START Supplied information

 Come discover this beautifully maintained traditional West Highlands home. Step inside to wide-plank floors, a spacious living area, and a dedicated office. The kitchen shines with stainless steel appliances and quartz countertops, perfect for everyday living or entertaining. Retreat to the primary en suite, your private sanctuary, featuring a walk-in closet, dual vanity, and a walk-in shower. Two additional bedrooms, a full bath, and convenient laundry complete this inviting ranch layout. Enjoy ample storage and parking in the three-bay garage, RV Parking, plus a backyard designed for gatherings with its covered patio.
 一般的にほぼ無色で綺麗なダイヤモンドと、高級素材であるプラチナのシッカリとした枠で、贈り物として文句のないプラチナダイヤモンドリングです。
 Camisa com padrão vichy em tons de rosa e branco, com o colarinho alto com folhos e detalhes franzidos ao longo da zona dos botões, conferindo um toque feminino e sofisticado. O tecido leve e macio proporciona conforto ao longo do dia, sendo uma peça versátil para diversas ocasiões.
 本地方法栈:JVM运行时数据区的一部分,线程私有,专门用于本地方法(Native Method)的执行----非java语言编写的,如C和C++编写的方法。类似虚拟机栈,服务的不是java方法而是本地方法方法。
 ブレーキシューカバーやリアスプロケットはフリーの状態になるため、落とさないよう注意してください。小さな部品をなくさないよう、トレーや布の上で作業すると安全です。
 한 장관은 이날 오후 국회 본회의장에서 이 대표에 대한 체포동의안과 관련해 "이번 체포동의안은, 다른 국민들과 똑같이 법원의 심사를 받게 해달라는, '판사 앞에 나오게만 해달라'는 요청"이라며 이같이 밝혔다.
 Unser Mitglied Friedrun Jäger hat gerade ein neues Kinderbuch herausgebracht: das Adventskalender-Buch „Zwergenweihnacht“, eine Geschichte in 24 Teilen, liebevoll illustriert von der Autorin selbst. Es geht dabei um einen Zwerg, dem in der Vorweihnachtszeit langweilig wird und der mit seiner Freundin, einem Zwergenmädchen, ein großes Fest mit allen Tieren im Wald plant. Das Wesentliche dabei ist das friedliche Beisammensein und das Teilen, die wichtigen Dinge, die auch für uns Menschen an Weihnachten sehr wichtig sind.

END Supplied information
START Supplied information

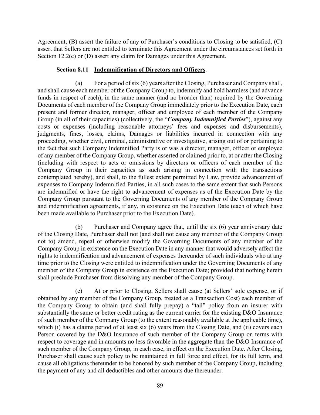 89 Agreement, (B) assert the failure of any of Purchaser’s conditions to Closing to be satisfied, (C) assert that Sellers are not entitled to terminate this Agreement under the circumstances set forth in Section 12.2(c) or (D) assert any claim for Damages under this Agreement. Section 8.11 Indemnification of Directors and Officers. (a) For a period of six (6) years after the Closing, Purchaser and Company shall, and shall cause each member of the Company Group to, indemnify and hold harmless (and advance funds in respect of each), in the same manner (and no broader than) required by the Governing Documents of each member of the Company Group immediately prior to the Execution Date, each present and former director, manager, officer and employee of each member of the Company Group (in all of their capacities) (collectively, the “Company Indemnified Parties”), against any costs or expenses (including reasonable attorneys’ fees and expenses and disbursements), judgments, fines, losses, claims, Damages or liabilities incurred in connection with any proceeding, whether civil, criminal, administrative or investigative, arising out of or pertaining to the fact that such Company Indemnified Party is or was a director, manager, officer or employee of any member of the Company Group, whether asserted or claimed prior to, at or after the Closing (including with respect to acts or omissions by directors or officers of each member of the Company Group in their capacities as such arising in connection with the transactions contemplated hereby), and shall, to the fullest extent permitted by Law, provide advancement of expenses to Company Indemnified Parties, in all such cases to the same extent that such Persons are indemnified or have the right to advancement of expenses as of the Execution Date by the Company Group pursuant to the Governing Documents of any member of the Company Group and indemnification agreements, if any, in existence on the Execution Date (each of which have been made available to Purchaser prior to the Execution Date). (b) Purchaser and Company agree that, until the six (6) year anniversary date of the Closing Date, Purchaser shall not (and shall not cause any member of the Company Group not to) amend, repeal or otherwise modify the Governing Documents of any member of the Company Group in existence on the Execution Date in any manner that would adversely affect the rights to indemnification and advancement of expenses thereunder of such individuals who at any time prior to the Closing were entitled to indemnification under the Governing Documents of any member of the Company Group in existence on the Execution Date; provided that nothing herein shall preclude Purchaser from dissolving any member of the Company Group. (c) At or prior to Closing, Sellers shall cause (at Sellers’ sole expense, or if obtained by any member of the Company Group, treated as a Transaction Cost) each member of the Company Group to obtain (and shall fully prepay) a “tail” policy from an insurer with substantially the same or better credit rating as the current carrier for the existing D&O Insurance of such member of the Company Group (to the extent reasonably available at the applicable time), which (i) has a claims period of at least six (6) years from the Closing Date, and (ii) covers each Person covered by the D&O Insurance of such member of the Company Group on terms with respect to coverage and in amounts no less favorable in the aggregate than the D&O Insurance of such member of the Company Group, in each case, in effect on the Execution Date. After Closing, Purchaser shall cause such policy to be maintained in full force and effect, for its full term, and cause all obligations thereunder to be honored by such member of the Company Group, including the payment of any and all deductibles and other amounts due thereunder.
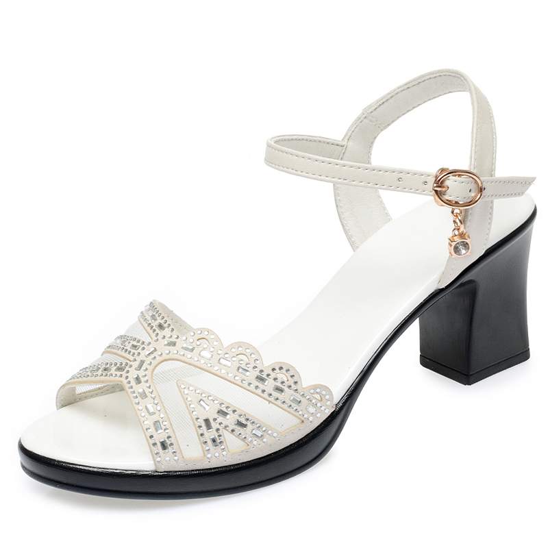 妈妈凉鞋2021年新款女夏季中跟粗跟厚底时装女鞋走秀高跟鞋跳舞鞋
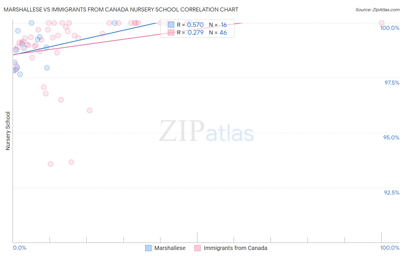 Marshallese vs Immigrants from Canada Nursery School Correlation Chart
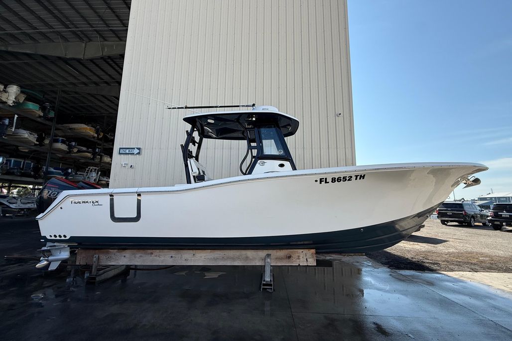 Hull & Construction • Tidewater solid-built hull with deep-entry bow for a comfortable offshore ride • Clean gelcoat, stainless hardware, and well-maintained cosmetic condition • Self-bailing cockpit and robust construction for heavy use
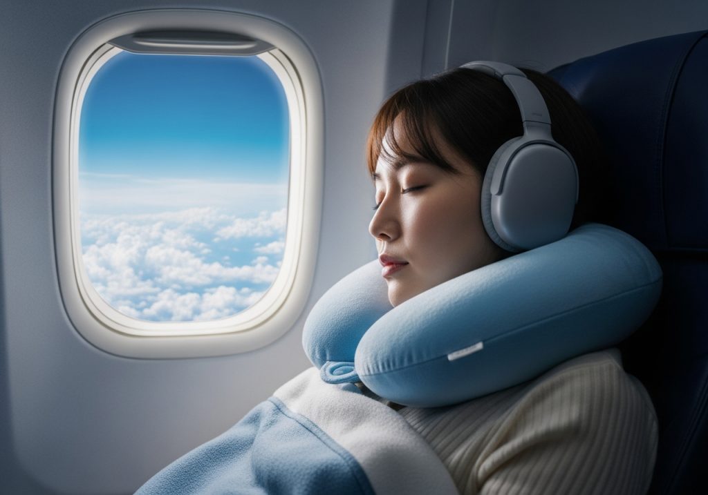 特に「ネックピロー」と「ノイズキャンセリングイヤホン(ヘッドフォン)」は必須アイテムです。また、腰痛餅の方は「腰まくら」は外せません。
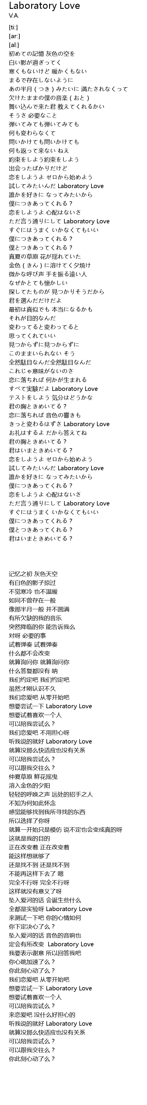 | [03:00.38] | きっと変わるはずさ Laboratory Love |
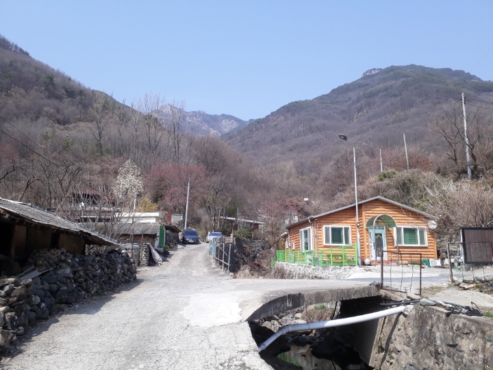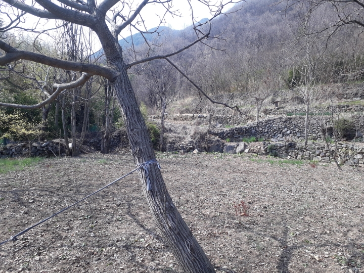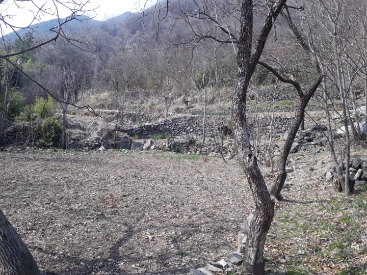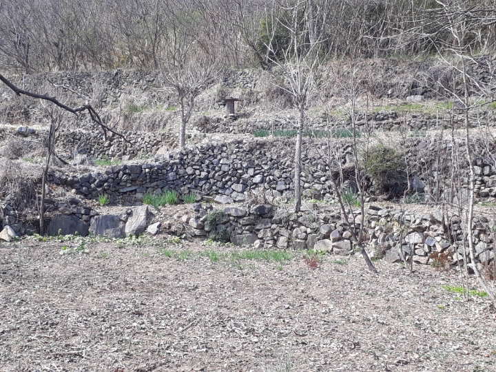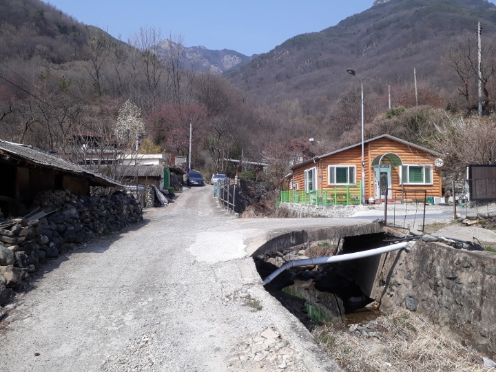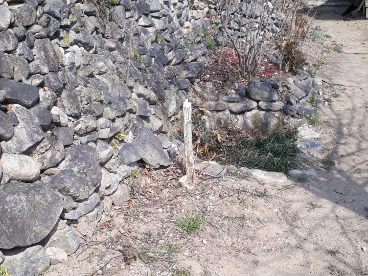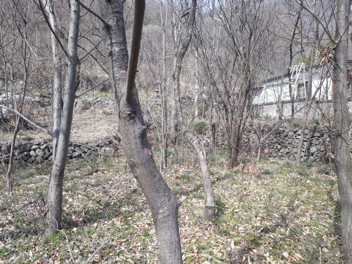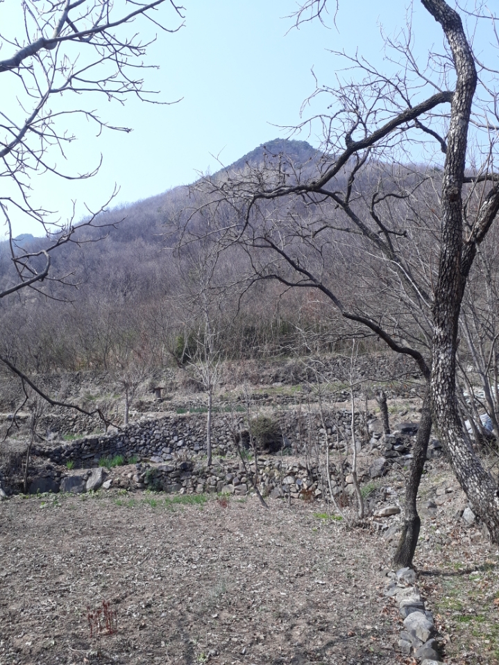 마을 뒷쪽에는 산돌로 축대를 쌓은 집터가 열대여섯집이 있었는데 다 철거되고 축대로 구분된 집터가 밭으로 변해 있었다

END Supplied information

▸ Aim of the exercise
Copy out each line of the data above, exactly, if it lies between the line holding "ブレーキシューカバーやリアス" and the line holding "한 장관은 이날 오후", inclusive; copy no other line.

▸ Exercise answer
 ブレーキシューカバーやリアスプロケットはフリーの状態になるため、落とさないよう注意してください。小さな部品をなくさないよう、トレーや布の上で作業すると安全です。
 한 장관은 이날 오후 국회 본회의장에서 이 대표에 대한 체포동의안과 관련해 "이번 체포동의안은, 다른 국민들과 똑같이 법원의 심사를 받게 해달라는, '판사 앞에 나오게만 해달라'는 요청"이라며 이같이 밝혔다.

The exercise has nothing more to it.